Hi,
Here is my scenario:
Note: Connections are all good and I have got the files through the chain into my indexers perfectly.
So it appears that I would need only a REPORT to specify which fields are in the Data, bu that would be done in search-time.
QUESTIONS:
- What really are the implications of using INDEXED_EXTRACTIONS ?
- What are the disadvantages of not using INDEXED_EXTRACTIONS in the sourcetype and instead use REPORT?
- If my sourcetype is mainly only about that REPORT, should I just have it defined in the SH? Why would I need it to be somewhere else?
Thanks in advance
Using INDEXED_EXTRACTIONS increases disk usage because it adds the KvP's to the index, it also increases overall overhead of indexing pipeline.
Using REPORT could allow the user to extract as they wish (assuming each user has a private REPORT). Using REPORT at search time puts the load on the search pipeline instead of the indexing pipeline. Most folks would prefer to slow search not indexing.
REPORT only needs to be specified on search heads since it is a search time props setting.
I really dont understand the TCP portion of your equation. If the data is in CSV format on UF1, then you should be able to pull it in with a monitor stanza. When TCP input is mentioned in relation to splunk, they're talking about a TCP stanza in inputs.conf. ie [TCP://9514] ...
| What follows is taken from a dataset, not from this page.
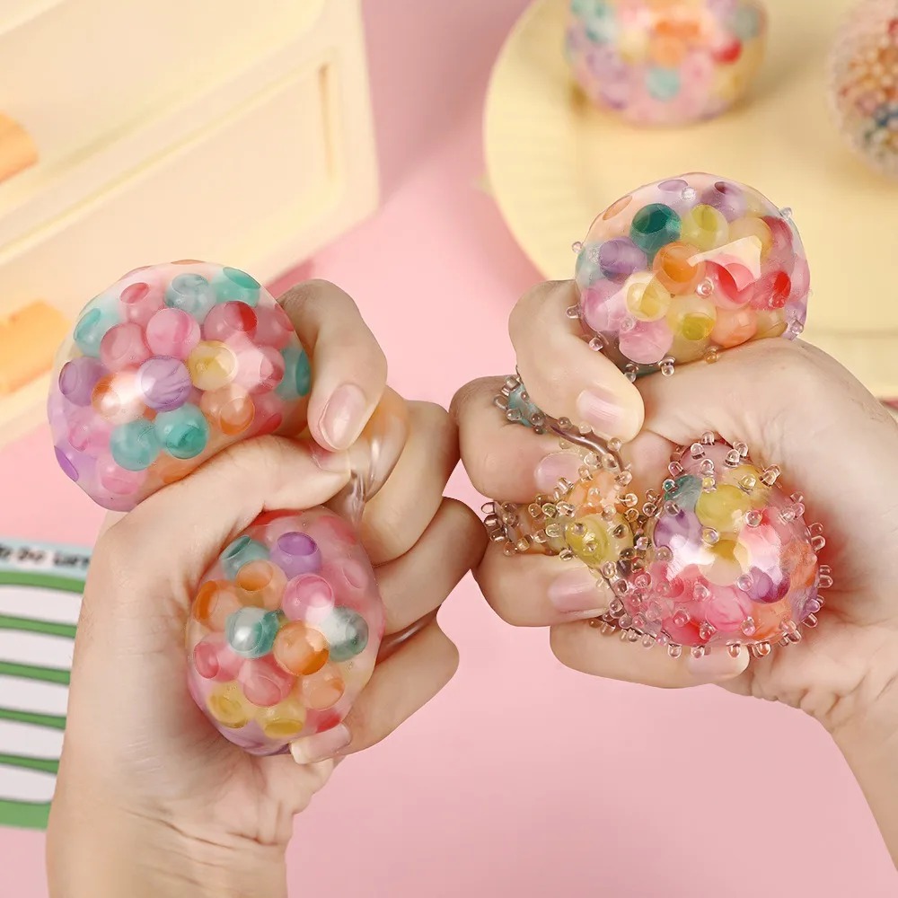 Perle d’Eau Colorée Squishy, une balle sensorielle unique en son genre, remplie de micro-perles d’eau colorées. Son effet raisin se forme lorsqu’on la presse, offrant une sensation tactile relaxante et visuellement satisfaisante.

And finally i leave you with whats in props.conf.spec:
**Field extraction configuration: index time versus search time**
Use the TRANSFORMS field extraction type to create index-time field
extractions. Use the REPORT or EXTRACT field extraction types to create
search-time field extractions.
NOTE: Index-time field extractions have performance implications. Creating
additions to Splunk's default set of indexed fields is ONLY
recommended in specific circumstances. Whenever possible, extract
fields only at search time.
**Search-time field extractions: Why use REPORT if EXTRACT will do?**
It's a good question. And much of the time, EXTRACT is all you need for
search-time field extraction. But when you build search-time field
extractions, there are specific cases that require the use of REPORT and the
field transform that it references. Use REPORT if you want to:
* Reuse the same field-extracting regular expression across multiple
sources, source types, or hosts. If you find yourself using the same regex
to extract fields across several different sources, source types, and
hosts, set it up as a transform, and then reference it in REPORT
extractions in those stanzas. If you need to update the regex you only
have to do it in one place. Handy!
* Apply more than one field-extracting regular expression to the same
source, source type, or host. This can be necessary in cases where the
field or fields that you want to extract from a particular source, source
type, or host appear in two or more very different event patterns.
* Set up delimiter-based field extractions. Useful if your event data
presents field-value pairs (or just field values) separated by delimiters
such as commas, spaces, bars, and so on.
* Configure extractions for multivalued fields. You can have Splunk append
additional values to a field as it finds them in the event data.
* Extract fields with names beginning with numbers or underscores.
Ordinarily, Splunk's key cleaning functionality removes leading numeric
characters and underscores from field names. If you need to keep them,
configure your field transform to turn key cleaning off.
* Manage formatting of extracted fields, in cases where you are extracting
multiple fields, or are extracting both the field name and field value.